The pharmaceutical composition may be formulated to achieve a physiologically compatible pH. In some embodiments, the pH of the pharmaceutical composition may be at least 5, at least 5.5, at least 6, at least 6.5, at least 7, at least 7.5, at least 8, at least 8.5, at least 9, at least 9.5, at least 10, or at least 10.5 up to and including pH 11, depending on the dosage form and route of administration. In certain embodiments, the pharmaceutical composition may comprise a buffering agent to achieve a physiologically compatible pH. The buffer may include any compound capable of buffering at a desired pH, such as phosphate buffer (e.g., PBS), triethanolamine, Tris, bicine, TAPS, troxin, HEPES, TES, MOPS, PIPES, cacodylate, MES, and the like. In certain embodiments, the buffer has a concentration of at least 0.5mM, at least 1mM, at least 5mM, at least 10mM, at least 20mM, at least 30mM, at least 40mM, at least 50mM, at least 60mM, at least 70mM, at least 80mM, at least 90mM, at least 100mM, at least 120mM, at least 150mM, or at least 200 mM. In some embodiments, the buffer has a concentration of no more than 300mM (e.g., at most 200mM, at most 100mM, at most 90mM, at most 80mM, at most 70mM, at most 60mM, at most 50mM, at most 40mM, at most 30mM, at most 20mM, at most 10mM, at most 5mM, at most 1 mM).
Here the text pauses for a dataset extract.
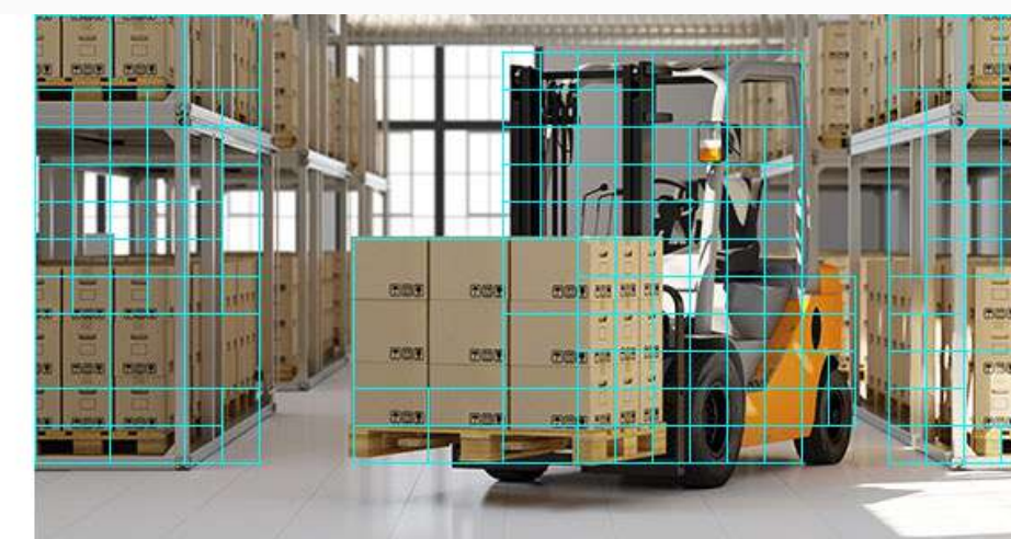
H.265 (Upgraded Video Compression)

The prodrug compounds disclosed herein can be prepared by standard synthetic methods, recombinant DNA techniques, or any other method for preparing peptides and fusion proteins. Although certain unnatural amino acids cannot be expressed by standard recombinant DNA techniques, techniques for their preparation are known in the art. In addition to standard peptide chemistry, where applicable, the compounds of the invention including non-peptide moieties can be synthesized by standard organic chemistry.